#### Data block:
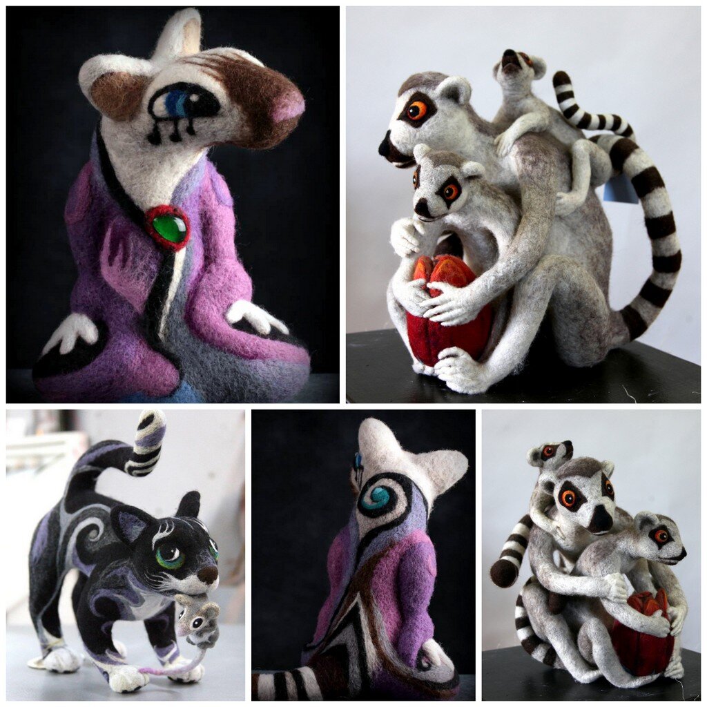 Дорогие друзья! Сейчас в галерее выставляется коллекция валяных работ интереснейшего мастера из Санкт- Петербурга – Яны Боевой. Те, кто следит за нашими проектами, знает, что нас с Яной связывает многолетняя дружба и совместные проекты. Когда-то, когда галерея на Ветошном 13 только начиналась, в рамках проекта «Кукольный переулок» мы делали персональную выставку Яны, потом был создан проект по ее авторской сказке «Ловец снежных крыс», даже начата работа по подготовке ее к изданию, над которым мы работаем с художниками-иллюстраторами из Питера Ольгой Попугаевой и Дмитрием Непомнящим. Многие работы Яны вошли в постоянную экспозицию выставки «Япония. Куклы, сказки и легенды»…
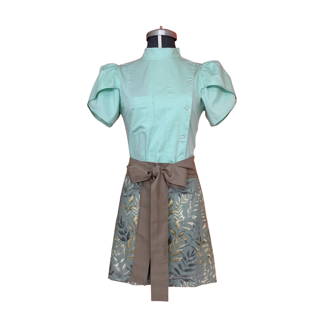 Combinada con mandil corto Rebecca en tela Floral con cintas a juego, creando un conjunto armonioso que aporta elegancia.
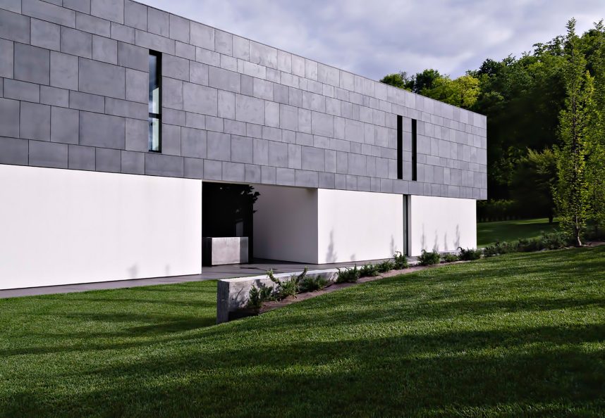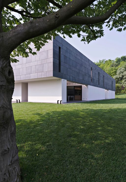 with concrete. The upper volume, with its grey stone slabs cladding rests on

#### Required work:
Repeat the material verbatim but without any of its pictures.

#### Answer area:
 Дорогие друзья! Сейчас в галерее выставляется коллекция валяных работ интереснейшего мастера из Санкт- Петербурга – Яны Боевой. Те, кто следит за нашими проектами, знает, что нас с Яной связывает многолетняя дружба и совместные проекты. Когда-то, когда галерея на Ветошном 13 только начиналась, в рамках проекта «Кукольный переулок» мы делали персональную выставку Яны, потом был создан проект по ее авторской сказке «Ловец снежных крыс», даже начата работа по подготовке ее к изданию, над которым мы работаем с художниками-иллюстраторами из Питера Ольгой Попугаевой и Дмитрием Непомнящим. Многие работы Яны вошли в постоянную экспозицию выставки «Япония. Куклы, сказки и легенды»…
 Combinada con mandil corto Rebecca en tela Floral con cintas a juego, creando un conjunto armonioso que aporta elegancia.
 with concrete. The upper volume, with its grey stone slabs cladding rests on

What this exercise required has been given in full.